**Exercise prompt:**
All of the data must be written out verbatim, with pictures excluded.

**Source data:**
=-=-=-=-=

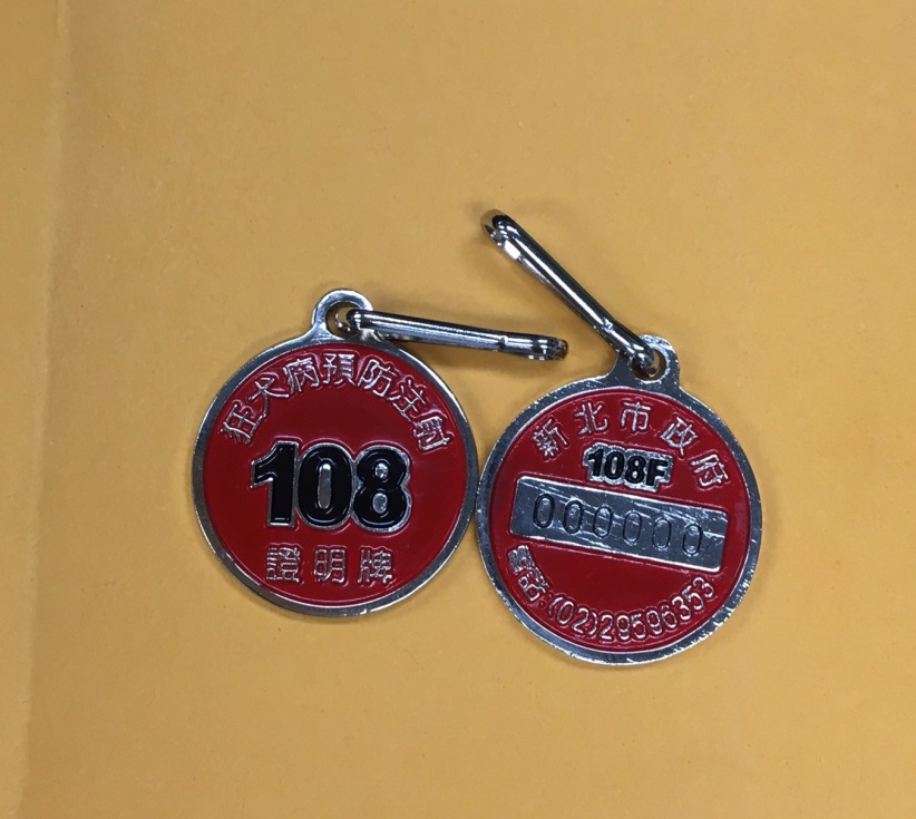 根據現行法令,狂犬病頸牌每年依序由綠、紅、藍、黃輪替,本年度輪到朱紅色犬牌,動保處特別要求製作廠商提升頸牌的製作品質。因為犬貓活動量大,可能有翻滾奔跑等行為,時間一久可能導致頸牌磨損或刻印的字模糊不清。為此,動保處每年在頸牌到貨後會進行頸牌表面耐磨度抽驗,測試其表面亮度和字是否清晰。在確認品質良好後,才將頸牌分配到有簽約的動物醫院或各動物之家,提供毛寶貝的爸媽在施打狂犬病疫苗後領取。頸牌不僅可以作為是否施打狂犬病疫苗的證明,更可以在犬貓不小心走失被路人撿到時,帶至鄰近動物醫院利用網路系統找到主人,減少寵物走失就找不回的遺憾。
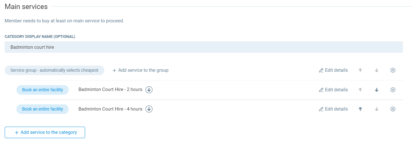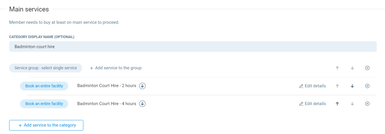 To create the main service of the facility booking screen for club members to book, press Add service to this category. Additional options will be displayed, however only the first two options need to be selected here.
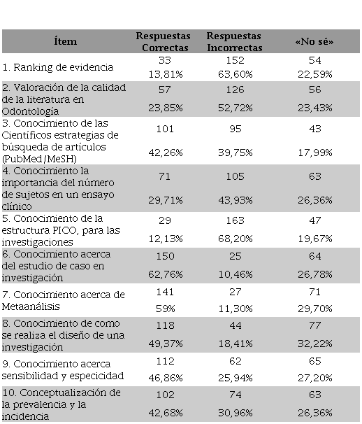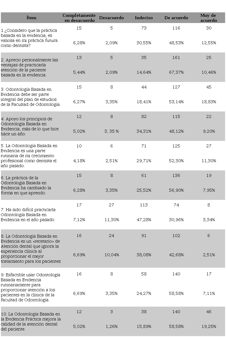 De un total de 239 estudiantes, 116 (48,53%) indicó que la práctica Basada en Evidencia es parte importante en la práctica profesional y 161 (67,37 %) estuvo de acuerdo con practicar la atención del paciente basada en la evidencia, 136 (56,90 %) indicó estar de acuerdo en que la OBE puede cambiar la forma de aprendizaje. 102 (42,68%) de los estudiantes consideran que la OBE es un «recetario» de atención dental ya que ignora la experiencia clínica ( Tabla 2).

=-=-=-=-=

**Output:**
 根據現行法令,狂犬病頸牌每年依序由綠、紅、藍、黃輪替,本年度輪到朱紅色犬牌,動保處特別要求製作廠商提升頸牌的製作品質。因為犬貓活動量大,可能有翻滾奔跑等行為,時間一久可能導致頸牌磨損或刻印的字模糊不清。為此,動保處每年在頸牌到貨後會進行頸牌表面耐磨度抽驗,測試其表面亮度和字是否清晰。在確認品質良好後,才將頸牌分配到有簽約的動物醫院或各動物之家,提供毛寶貝的爸媽在施打狂犬病疫苗後領取。頸牌不僅可以作為是否施打狂犬病疫苗的證明,更可以在犬貓不小心走失被路人撿到時,帶至鄰近動物醫院利用網路系統找到主人,減少寵物走失就找不回的遺憾。
 To create the main service of the facility booking screen for club members to book, press Add service to this category. Additional options will be displayed, however only the first two options need to be selected here.
 De un total de 239 estudiantes, 116 (48,53%) indicó que la práctica Basada en Evidencia es parte importante en la práctica profesional y 161 (67,37 %) estuvo de acuerdo con practicar la atención del paciente basada en la evidencia, 136 (56,90 %) indicó estar de acuerdo en que la OBE puede cambiar la forma de aprendizaje. 102 (42,68%) de los estudiantes consideran que la OBE es un «recetario» de atención dental ya que ignora la experiencia clínica ( Tabla 2).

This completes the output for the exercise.